I had an idea where the modern US is ISOTed to the old world, So I did a thing where I transposed 2000 municipalities from the lower 48 states onto positions in the Old World:
https://drive.google.com/open?id=1kf1XnTZVUjwcpT7S6xIoQv_8944&usp=sharing
The map is searchable. Latitudes are exactly the same for all cities, but longitude is... funny. I tried to (1) preserve relative longitudes so that a city to the east would stay to the east and vice-versa, and (2) position cities so that they ended up in a place that's survivable and not in the middle of a desert or ocean. To that end I used a spreadsheet with the latitudes and longitudes of both old world cities and new world cities and did a bit of matching. However, my goals began to contradict each other and I ended up with some weird results, like some cities in Maryland being west of some cities in Iowa. Even so, the east coast is on the east coast and the west coast is on the west coast, and cities on water are not too far from land.

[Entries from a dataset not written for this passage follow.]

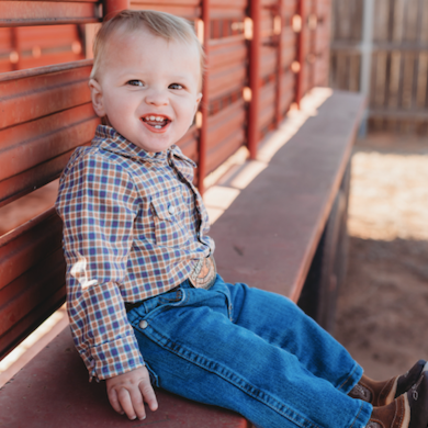 Crafted with stylish pearl snap buttons, this Plaid Long Sleeve Pearl Snap onesie will look handsome on your little one! The fun colors and durable material make this shirt perfect for family parties and days on the ranch. Shea Baby Long Sleeve Snap onesie are a must for every cowboy!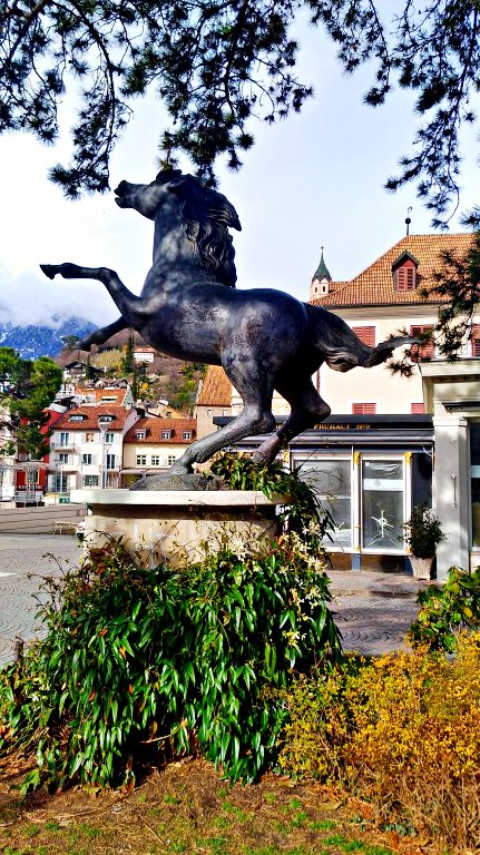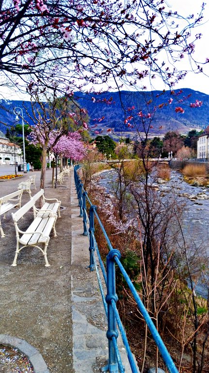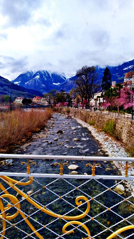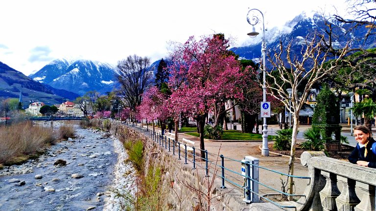 Já de volta a Bolzano, uma boa sugestão para aproveitar o período da tarde é um bate-volta de trem até a cidade de Merano, ainda mais ao norte, quase na fronteira com a Áustria. O trajeto de trem entre as duas cidades tem duração de 40 minutos – tempo que mal sentimos passar por conta das belas paisagens de colinas com cultivos de uvas e as montanhas das Dolomitas.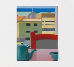 A wooden dining table stretches into a warmly lit interior filled with pottery and vibrant shadows, celebrating home�s quiet rhythm.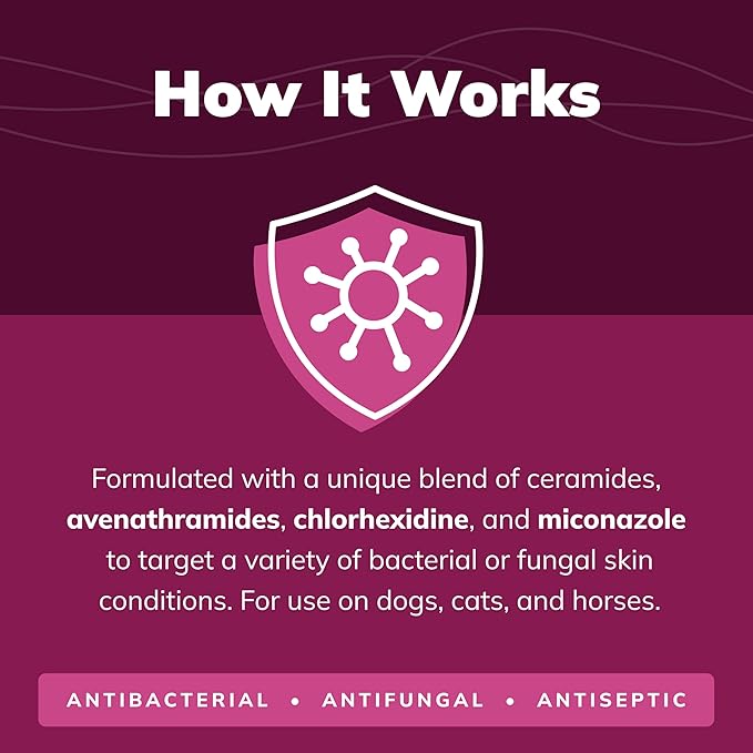 • Contains chlorhexidine and miconazole for antiseptic activity on the skin
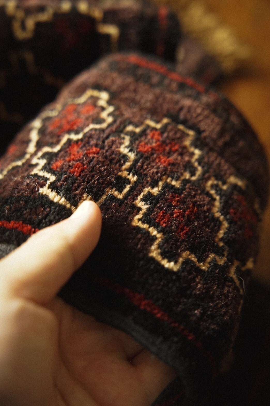 ネックバンドと呼ばれるラクダ用の飾りをミニラグに仕立ててもらいました。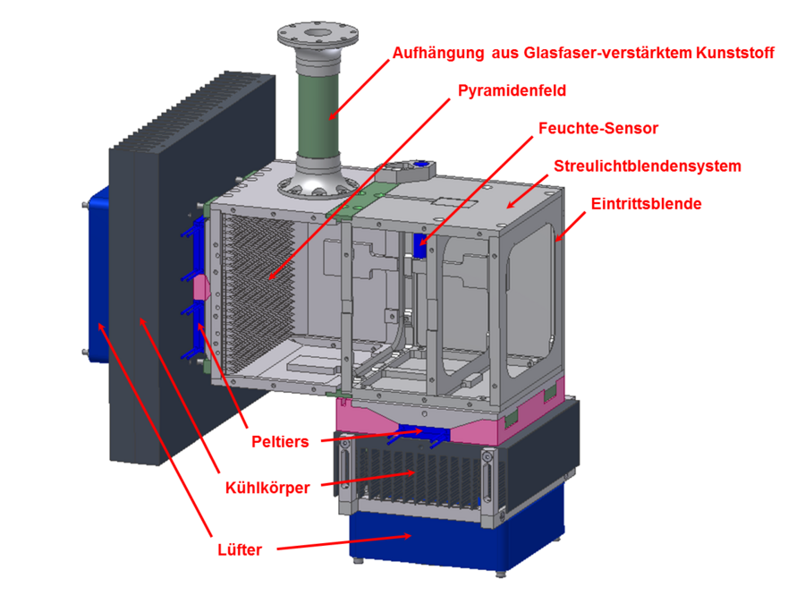 Das Gehäuse, das die optische Fläche umschließt, ist im vorderen Teil vom Pyramidenfeld thermisch entkoppelt und dient als Streulichtblendensystem. Es wird ebenfalls mit Peltierelementen gekühlt. Das Streulichtblendensystem wird bei einer etwas niedrigeren Temperatur betrieben und dient als Wasserdampffalle, um Kondensation auf der optischen Fläche zu vermeiden. Beide Schwarzkörper sind über eine GFK-Aufhängung mit der Instrumentenstruktur verbunden und mit einer Isolierung aus extrudiertem Polystyrol-Hartschaum versehen.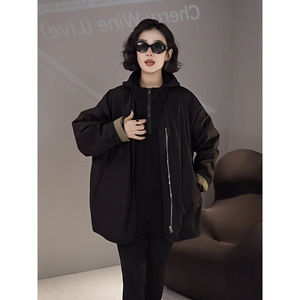 欧货撞色两面穿V领风衣女士秋季新款宽松显瘦百搭棒球中长款外套
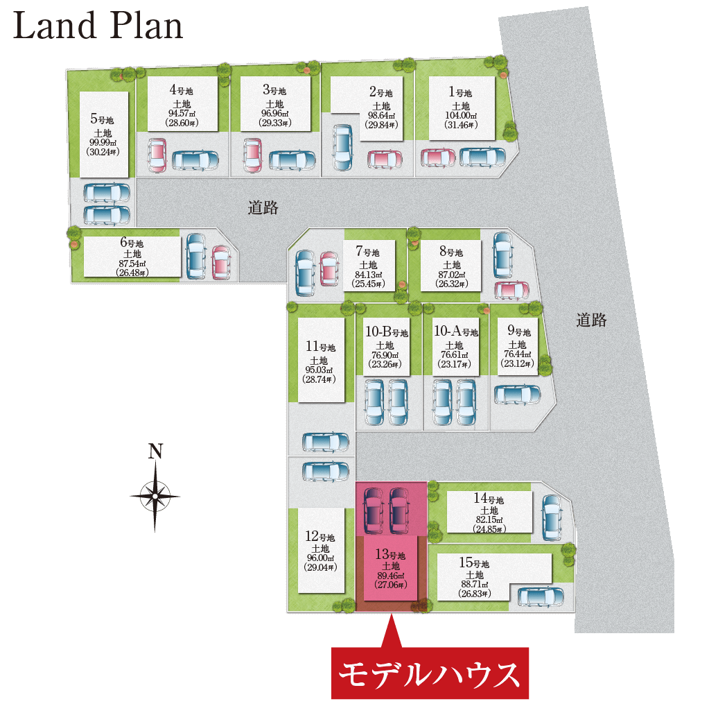 | 敷地面積 | 76.61㎡(23.17坪)~104.00㎡(31.46坪) |

If I had to pick transposition areas for Alaska and Hawaii, I'd probably go with Scandinavia and the Caribbean, respectively. The Caribbean isn't in the old world, but then again Hawaii isn't in North America.
As an example, here is where my home city of Cleveland ended up, on the Macedonia-Bulgaria border:
View attachment 315927
The city on the upper right is Burbank, Illinois, which is decidedly not northeast of where I am.